While he was still speaking, suddenly a crowd came, and the one called Judas, one of the twelve, was leading them. He approached Jesus to kiss him; but Jesus said to him, “Judas, is it with a kiss that you are betraying the Son of Man?” When those who were around him saw what was coming, they asked, “Lord, should we strike with the sword?” Then one of them struck the slave of the high priest and cut off his right ear. But Jesus said, “No more of this!” And he touched his ear and healed him. Then Jesus said to the chief priests, the officers of the temple police, and the elders who had come for him, “Have you come out with swords and clubs as if I were a bandit? When I was with you day after day in the temple, you did not lay hands on me. But this is your hour, and the power of darkness!
Then they seized him and led him away, bringing him into the high priest’s house. But Peter was following at a distance. When they had kindled a fire in the middle of the courtyard and sat down together, Peter sat among them. Then a servant-girl, seeing him in the firelight, stared at him and said, “This man also was with him.” But he denied it, saying, “Woman, I do not know him.” A little later someone else, on seeing him, said, “You also are one of them.” But Peter said, “Man, I am not!” Then about an hour later still another kept insisting, “Surely this man also was with him; for he is a Galilean.” But Peter said, “Man, I do not know what you are talking about!” At that moment, while he was still speaking, the cock crowed. The Lord turned and looked at Peter. Then Peter remembered the word of the Lord, how he had said to him, “Before the cock crows today, you will deny me three times.” And he went out and wept bitterly.
Being a follower of Jesus is hard. Like the disciples we want to love Him more than anything, but we fail. We fall asleep in His hour of need, we attack His betrayers, we deny even knowing Him. Peter followed Jesus because he loved Him so much that he was desperate to know what was happening. But he was also afraid. We spend our whole lives like Peter, trying to do the right thing but failing.
The good news is that God doesn’t expect us to be perfect. Jesus told the disciples to pray they wouldn’t come in to the time of trial, probably in part because he knew they would fail. But God also forgives our mistakes. Even during His arrest Jesus had already forgiven those who persecuted Him. He healed the slaves ear! I’ve never read (or maybe never noticed) that particular miracle before, and it might be the most moving one of them all. What a mind boggling example of how we should forgive!
So when we do come in to the time of trial, when we fail to be the kind of Christians we want to be, we should follow Jesus’s example. 1. Pray. Talk to God. Tell Him your fears. 2. Let God be in charge. “Not my will but Yours” can be a very powerful prayer. Recognizing that God is in charge takes a huge weight off your shoulders. 3. Forgive yourself. If Jesus can forgive you for being imperfect, you can forgive yourself too. An while you’re at it, forgive the people who put you through the time of trial.
I’ll be honest. Right now I am definitely going through a time of trial. I’m terrified.
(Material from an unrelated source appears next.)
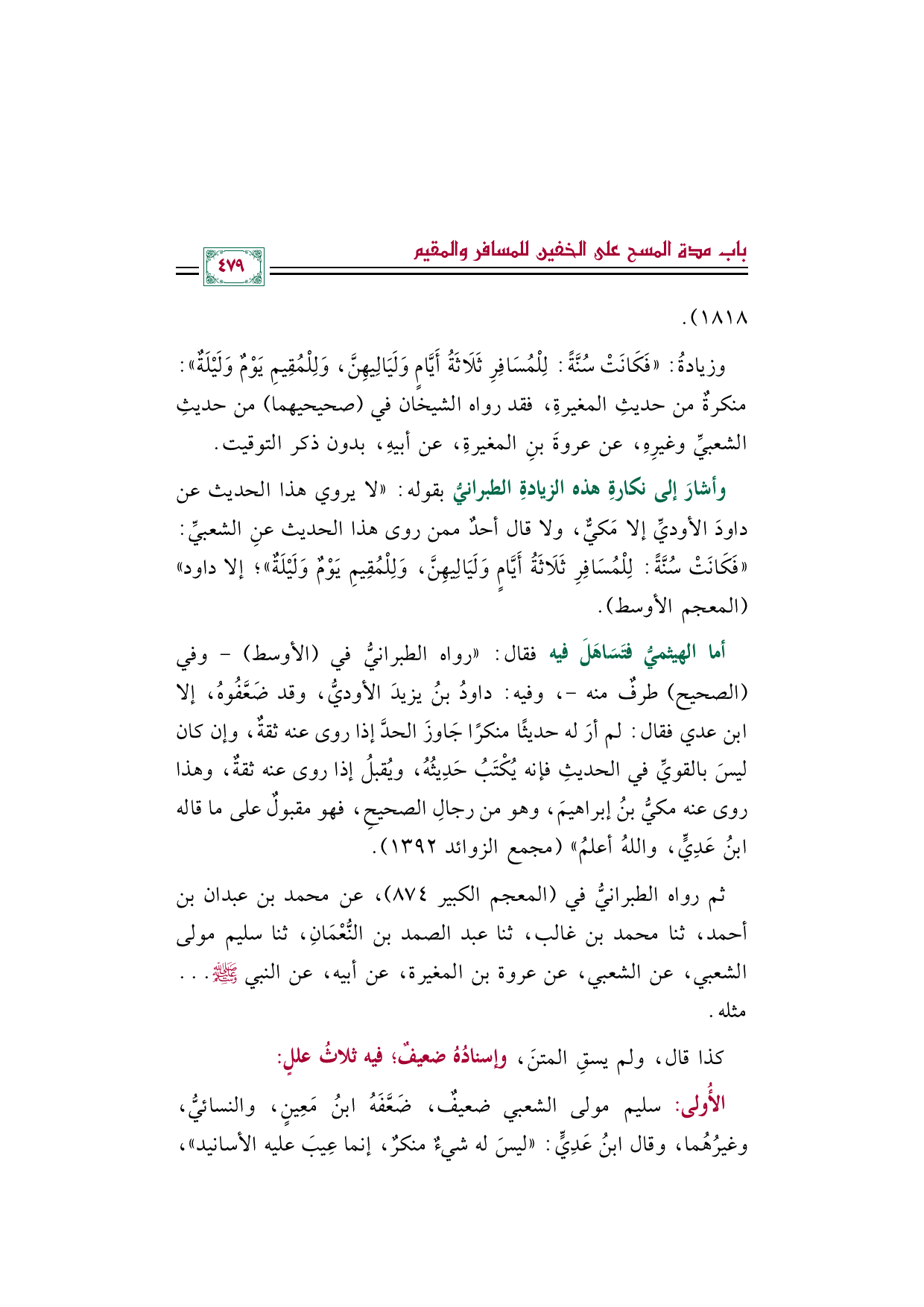 وأشارَ إلى نكارةِ هذه الزيادةِ الطبرانيُّ بقوله: "لا يروي هذا الحديث عن داود الأودي إلا مكيٌّ، ولا قال أحدٌ ممن روى هذا الحديث عنِ الشعبيِّ: ((فَكَانَتْ سُنَّةً: لِلْمُسَافِرِ ثَلَاثَةُ أَيَّامٍ وَلَيَالِيهِنَّ، وَلِلْمُقِيمِ يَوْمٌ وَلَيْلَةٌ))؛ إلا داود" (المعجم الأوسط).

I don’t know what is coming, and that fact scares me to death. I’m doing an okay job with praying. I’ve never been very good at talking to God, honestly because I don’t make the time. But I’m trying. I’m doing a better job of putting it in His hands then I’ve ever done before. I’ve forgiven (mostly) the people causing my pain. But I can’t seem to forgive myself. I feel like a failure of the most epic proportions. I can’t stop thinking “If I had just done _____ differently” or “Maybe I should just give up.” I know that I should forgive myself, and I’ve even been praying for help with that, but I just … can’t. Maybe it’s because I’m so proud that I think I should be able to do everything without God’s help, and it makes me upset that I couldn’t. I don’t know. I just know that I feel terrible and afraid all the time.
I don’t really know why I’m telling you all this. Maybe saying it out loud (writing it out loud?) will help me move on better. Maybe it won’t. Maybe I’m just whining to the entire internet. But if you have a few moments to spare a prayer for me, I would sure appreciate it. I need all of the help I can get.